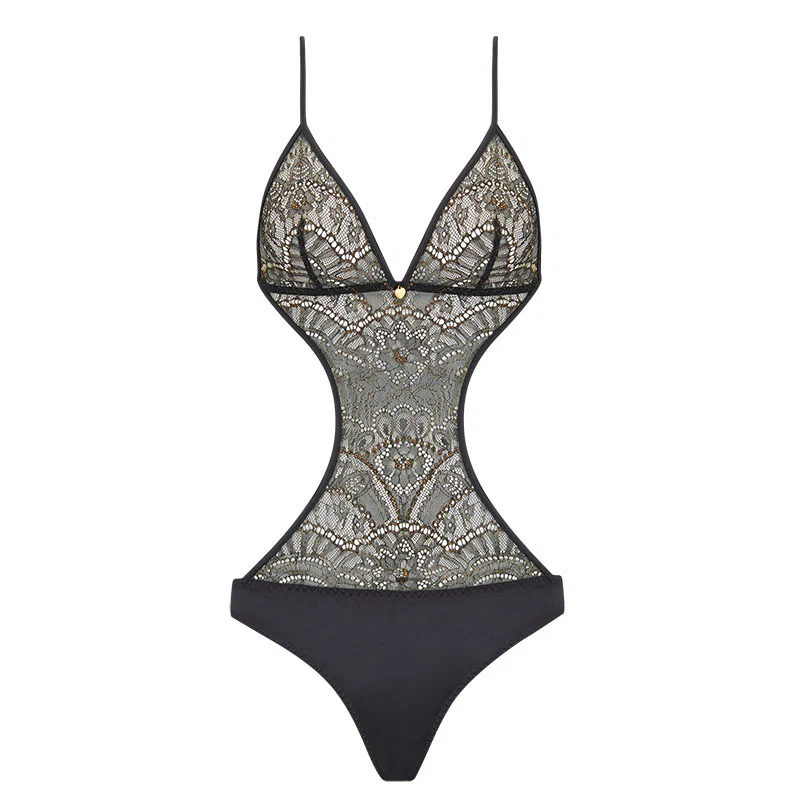 Playfully seductive, discover the Gilded Heart Bodysuit.The Gilded Heart Bodysuit combines a modern silhouette with a glamorous gold flecked lace. Triangle shaped cups are made up from Gilded Heart's black lace and the jet black satin bottom covers your form while the back has a heart shaped black and gold lace gives a glimpse of your bum. The half moon crescent cut outs in the body accentuates the body's natural curves.
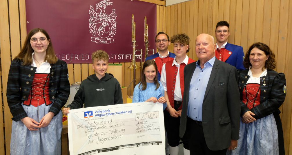 Hauerz – Nachdem die letzten Töne der „Serenade“ von Joseph Haydn beim diesjährigen ganz außerordentlichen Osterkonzert des Musikvereins Hauerz verklungen waren, war es an Vorstandsmitglied Ingrid Ritscher, Dank zu sagen an die Adresse eines besonderen Ehrengastes. Denn nach diesem ganz besonderen Konzertabend mit Peter Schad als Dirigenten war die Übergabe einer namhaften Spende für die Nachwuchsarbeit des Vereines aus den Händen des Stifters höchstpersönlich der Höhepunkt des Abends: Nicht weniger als 10.000 € wendete die Siegfried-Gebhart-Stiftung dem Förderverein der Hauerzer Musiker zu!
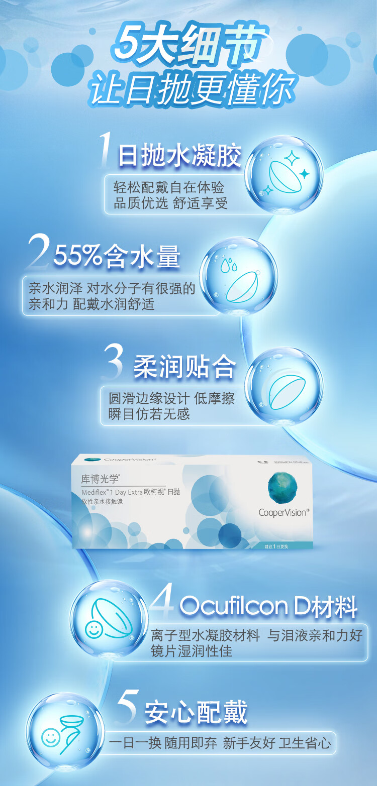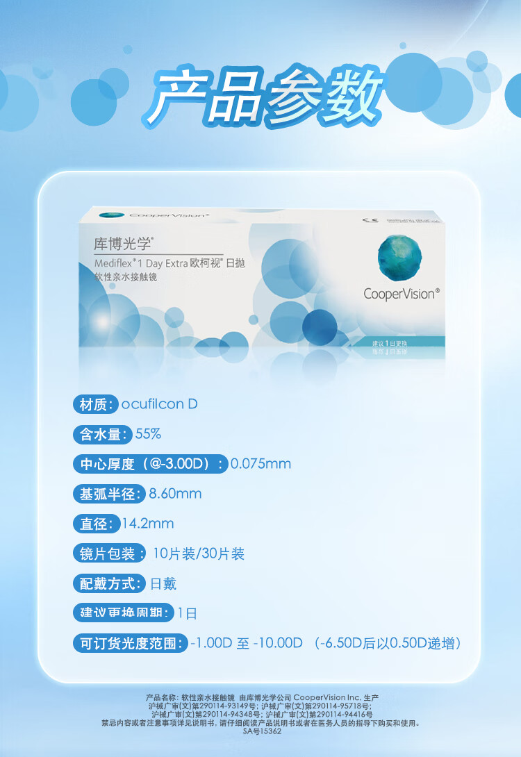 库博光学(coopervision)欧柯视进口透明隐形眼镜日抛30片装 575度

▶ **Directions**
Nothing but the pictures may be dropped as you repeat the listing above exactly.

▶ **The completed task**
 Playfully seductive, discover the Gilded Heart Bodysuit.The Gilded Heart Bodysuit combines a modern silhouette with a glamorous gold flecked lace. Triangle shaped cups are made up from Gilded Heart's black lace and the jet black satin bottom covers your form while the back has a heart shaped black and gold lace gives a glimpse of your bum. The half moon crescent cut outs in the body accentuates the body's natural curves.
 Hauerz – Nachdem die letzten Töne der „Serenade“ von Joseph Haydn beim diesjährigen ganz außerordentlichen Osterkonzert des Musikvereins Hauerz verklungen waren, war es an Vorstandsmitglied Ingrid Ritscher, Dank zu sagen an die Adresse eines besonderen Ehrengastes. Denn nach diesem ganz besonderen Konzertabend mit Peter Schad als Dirigenten war die Übergabe einer namhaften Spende für die Nachwuchsarbeit des Vereines aus den Händen des Stifters höchstpersönlich der Höhepunkt des Abends: Nicht weniger als 10.000 € wendete die Siegfried-Gebhart-Stiftung dem Förderverein der Hauerzer Musiker zu!
 库博光学(coopervision)欧柯视进口透明隐形眼镜日抛30片装 575度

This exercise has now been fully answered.